• [WORK INSTRUCTIONS]
Since the pictures are not wanted, copy only the text of every record exactly.

EXTRACTED RECORDS: Begin

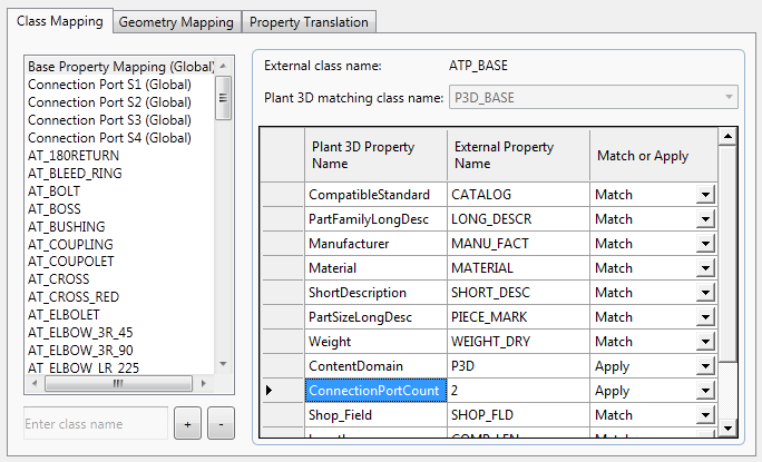 Individual class property mappings take precedence over global mappings. In the AutoPLANT to Plant 3D Class Mapping dialog box, for example, the global mapping for ConnectionPortCount is 2.
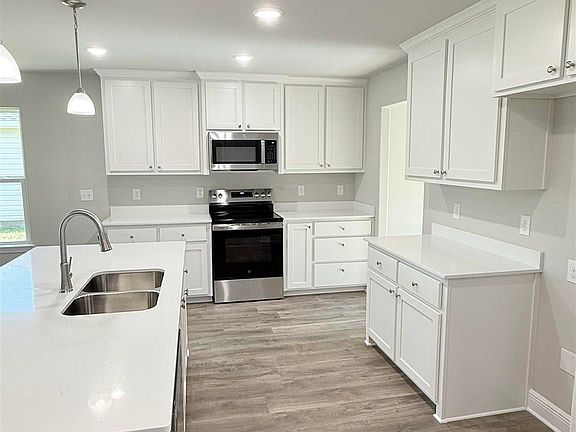 Spacious 1907 sq.ft. – Split Floor Plan, 4 Bedroom, 2 Baths, 2 Car Garage with Covered Back Porch. Open Floorplan with an Island Kitchen, quartz countertops, custom maple cabinets with soft close drawers, stainless-steel appliances and large pantry. Separate dining room with access to the kitchen. Trey ceilings in the master bedroom and living room as well as ceiling fans. All other rooms are braced and wired for ceiling fans. Quartz countertops in both bathrooms. Brushed Nickel Light Fixtures with matching finish on all faucets. ESTIMATED COMPLETION JULY
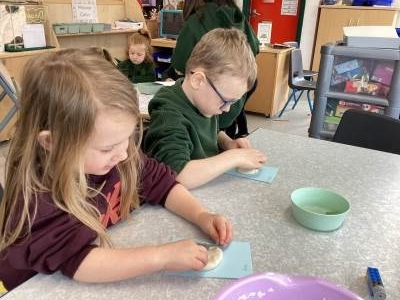In RE, we have been learning about the Jewish celebration of Shabbat. Shabbat is a special time for Jewish families and they lay the table with lots of objects that have special meanings such as bread, candles and wine. The children had fun using clay to make their own thumb pot to put their own special things in or to use at a celebration with their family.
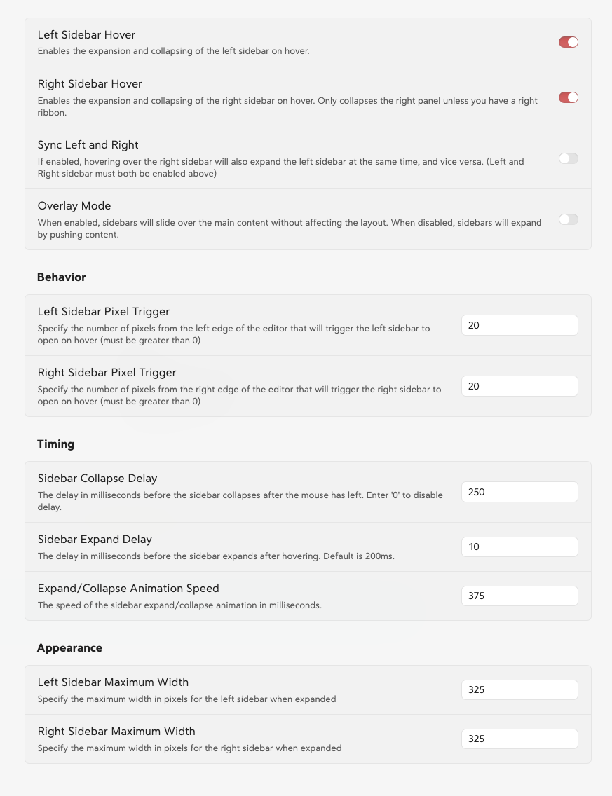 | Sync Left and Right | Expands both sidebars simultaneously when one is hovered (requires both to be enabled). | Disabled |
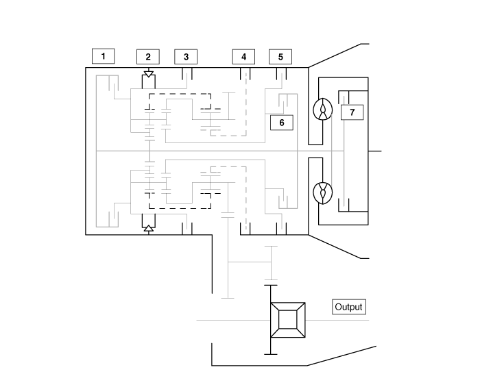 2. Обгонная муфта (OWC) 3. Низкий и задний тормоз (LR/B) 4. Понижающий тормоз (UD/B) |
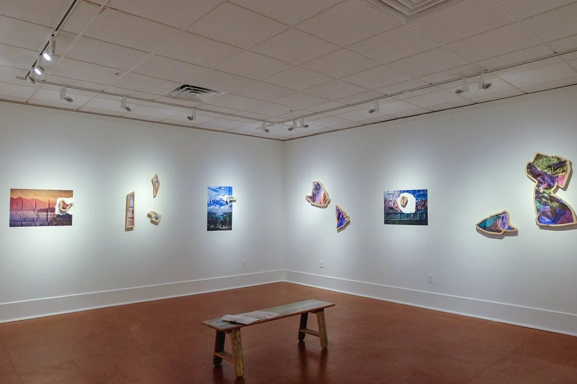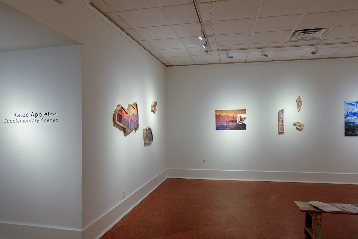 Kalee Appleton’s work deals with the nature and materiality of photography through the enduring tradition of landscape photography. Supplementary Scenes explores the objectivity of idealized landscapes and utopian worlds depicted in the photographic backdrops commonly used in mainstream photography studios. Like many photographs throughout history, these objects force viewers to question truth and contemplate the mechanical nature of photography, as the pure purpose of these backdrops is to exist as a false contextual object in the aid of transporting a sitter to an idealized world. The imagery produced not only acts as a supplemental scene to a portrait, but also exists to fulfill the desires of the commissioners and sitters of the portrait. Appleton skews and distorts perceptions of space, transforming these backdrops into the sculptural subjects of her photographs. The medium is further pushed into the sculptural realm with irregularly shaped frames. Imagery either responds to the grain of the wood frame or follows the perimeter of the folded landscape, pulling the photograph from the gallery wall while depicting the 3D altered landscape on a 2D surface.
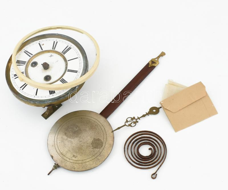 Leírás: Felesütős óraszerkezet és néhány óra alkatrész, javításra
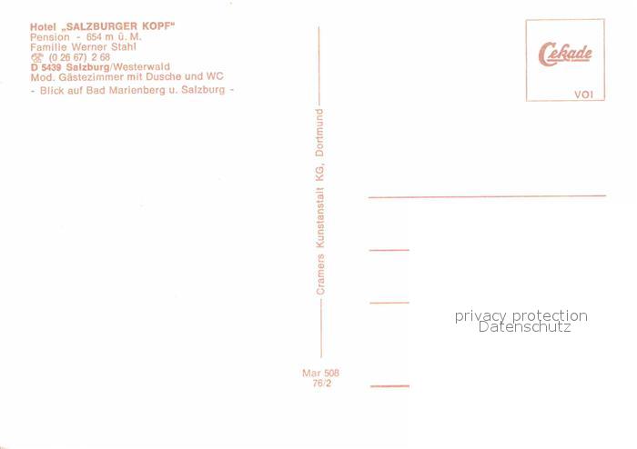 72896571 Salzburg Westerwald Panorama postalisch nicht gelaufen Erhaltung siehe scans [FriedD77] KatCode: 11110007143291
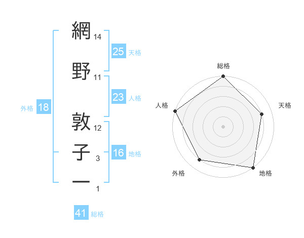 網野 敦子一さんを姓名の画数から五運を鑑定
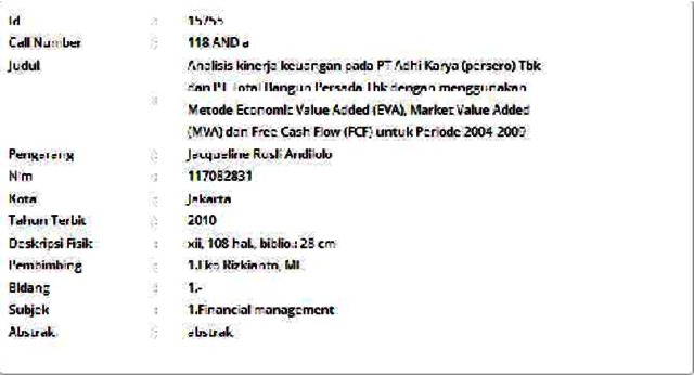 Andilolo, Jacqueline Rusli (2010) Analisis kinerja keuangan pada PT Adhi Karya (persero) Tbk dan PT Total Bangun Persada Tbk dengan menggunakan Metode Economic Value Added (EVA), Market Value Added (MVA) dan Free Cash Flow (FCF) untuk Periode 2004-2009. Informasi Detail Skripsi/Thesis. p. 108. ISSN 117082831
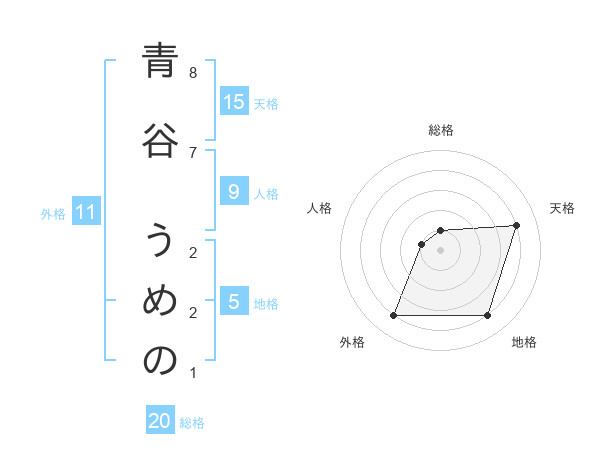 青谷 うめのさんを姓名の画数から五運を鑑定
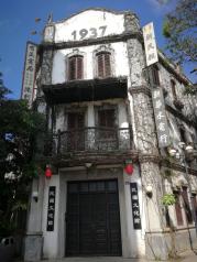 骑楼老街的骑楼楼层都不太高,两三层的居多,有些还保留着早前的商号,和凭栏、门窗等处的精美雕花。只是值得去看看而已,毕竟还是有点建筑特色的,关于那里的美食,说实话可真不是想象中的那样美好。
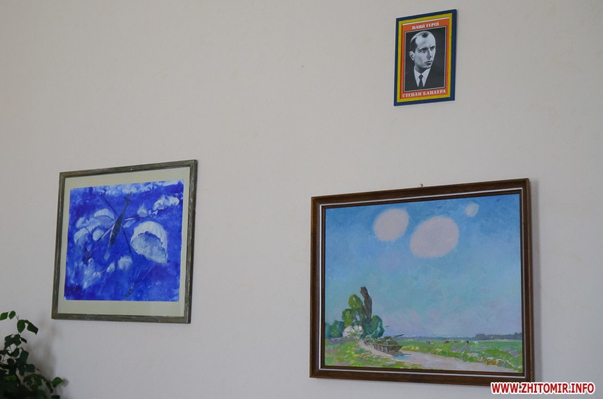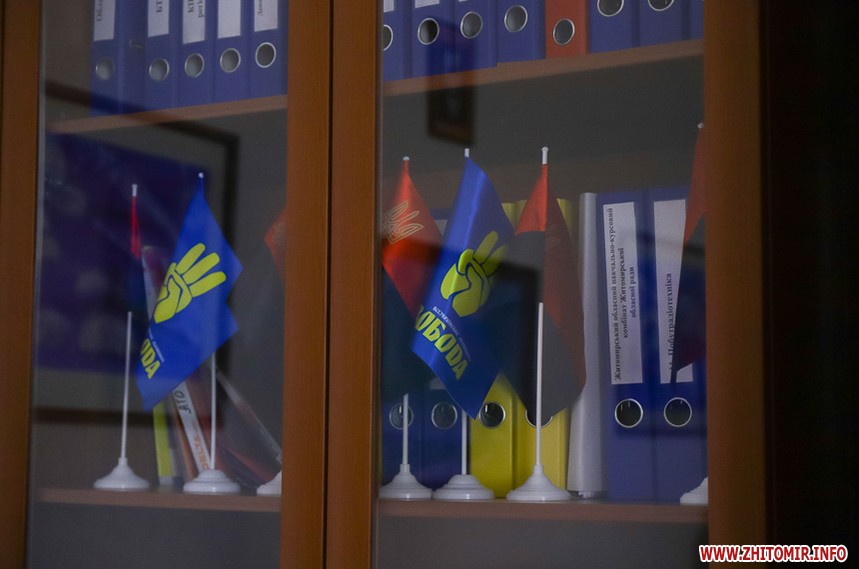 У кабінеті ще одного заступника голови облради Максима Вілівчука поряд з прапорцями Житомирської області можна помітити багато червоно-чорних прапорців та з символікою ВО «Свобода». Поряд з робочим столом – для гостей заготовлені цукерки у вазочці. На стіні – великий портрет Шевченка та карта області, а над столом для нарад – портрет Степана Бандери і кілька картин.
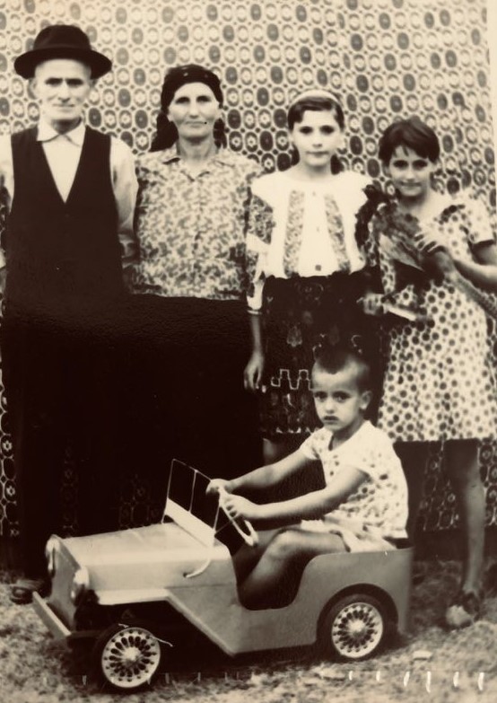 3.Impreuna cu bunicii din partea tatalui, la balci, in 1973; de la stanga la dreapta: Ristea, Florica, Nuti, Mimi, iar in masinuta Nelu
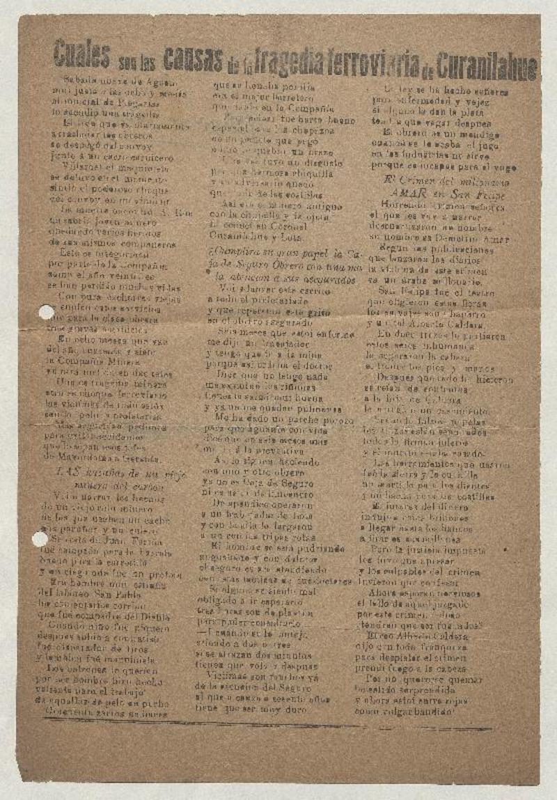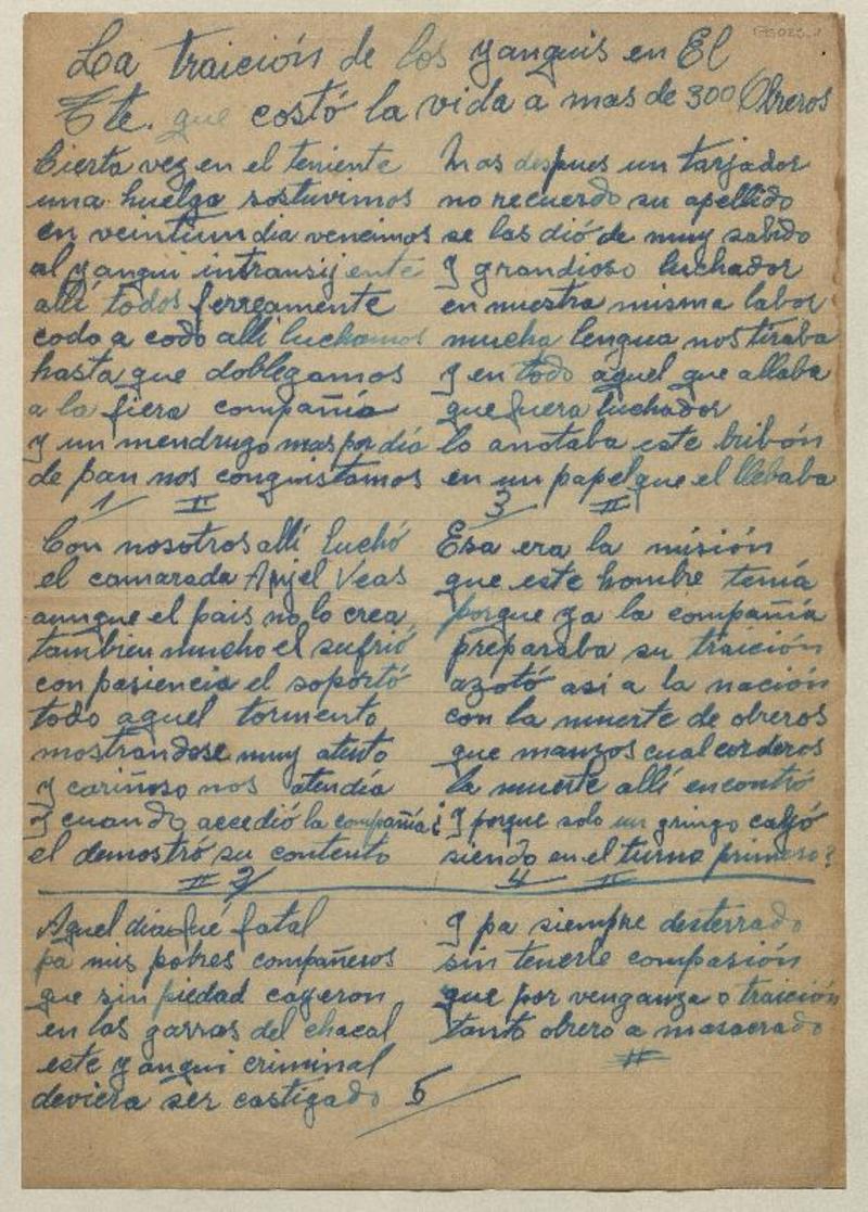 La traición de los yanquis en El Tte. que costó la vida a mas de 300 obreros [manuscrito]

EXTRACTED RECORDS: End

• [TASK SOLUTION]
 Individual class property mappings take precedence over global mappings. In the AutoPLANT to Plant 3D Class Mapping dialog box, for example, the global mapping for ConnectionPortCount is 2.
 Spacious 1907 sq.ft. – Split Floor Plan, 4 Bedroom, 2 Baths, 2 Car Garage with Covered Back Porch. Open Floorplan with an Island Kitchen, quartz countertops, custom maple cabinets with soft close drawers, stainless-steel appliances and large pantry. Separate dining room with access to the kitchen. Trey ceilings in the master bedroom and living room as well as ceiling fans. All other rooms are braced and wired for ceiling fans. Quartz countertops in both bathrooms. Brushed Nickel Light Fixtures with matching finish on all faucets. ESTIMATED COMPLETION JULY
In RE, we have been learning about the Jewish celebration of Shabbat. Shabbat is a special time for Jewish families and they lay the table with lots of objects that have special meanings such as bread, candles and wine. The children had fun using clay to make their own thumb pot to put their own special things in or to use at a celebration with their family.
 | Sync Left and Right | Expands both sidebars simultaneously when one is hovered (requires both to be enabled). | Disabled |
 2. Обгонная муфта (OWC) 3. Низкий и задний тормоз (LR/B) 4. Понижающий тормоз (UD/B) |
 Kalee Appleton’s work deals with the nature and materiality of photography through the enduring tradition of landscape photography. Supplementary Scenes explores the objectivity of idealized landscapes and utopian worlds depicted in the photographic backdrops commonly used in mainstream photography studios. Like many photographs throughout history, these objects force viewers to question truth and contemplate the mechanical nature of photography, as the pure purpose of these backdrops is to exist as a false contextual object in the aid of transporting a sitter to an idealized world. The imagery produced not only acts as a supplemental scene to a portrait, but also exists to fulfill the desires of the commissioners and sitters of the portrait. Appleton skews and distorts perceptions of space, transforming these backdrops into the sculptural subjects of her photographs. The medium is further pushed into the sculptural realm with irregularly shaped frames. Imagery either responds to the grain of the wood frame or follows the perimeter of the folded landscape, pulling the photograph from the gallery wall while depicting the 3D altered landscape on a 2D surface.
 Leírás: Felesütős óraszerkezet és néhány óra alkatrész, javításra
 72896571 Salzburg Westerwald Panorama postalisch nicht gelaufen Erhaltung siehe scans [FriedD77] KatCode: 11110007143291
 網野 敦子一さんを姓名の画数から五運を鑑定
 Andilolo, Jacqueline Rusli (2010) Analisis kinerja keuangan pada PT Adhi Karya (persero) Tbk dan PT Total Bangun Persada Tbk dengan menggunakan Metode Economic Value Added (EVA), Market Value Added (MVA) dan Free Cash Flow (FCF) untuk Periode 2004-2009. Informasi Detail Skripsi/Thesis. p. 108. ISSN 117082831
 青谷 うめのさんを姓名の画数から五運を鑑定
 骑楼老街的骑楼楼层都不太高,两三层的居多,有些还保留着早前的商号,和凭栏、门窗等处的精美雕花。只是值得去看看而已,毕竟还是有点建筑特色的,关于那里的美食,说实话可真不是想象中的那样美好。
 У кабінеті ще одного заступника голови облради Максима Вілівчука поряд з прапорцями Житомирської області можна помітити багато червоно-чорних прапорців та з символікою ВО «Свобода». Поряд з робочим столом – для гостей заготовлені цукерки у вазочці. На стіні – великий портрет Шевченка та карта області, а над столом для нарад – портрет Степана Бандери і кілька картин.
 3.Impreuna cu bunicii din partea tatalui, la balci, in 1973; de la stanga la dreapta: Ristea, Florica, Nuti, Mimi, iar in masinuta Nelu
 La traición de los yanquis en El Tte. que costó la vida a mas de 300 obreros [manuscrito]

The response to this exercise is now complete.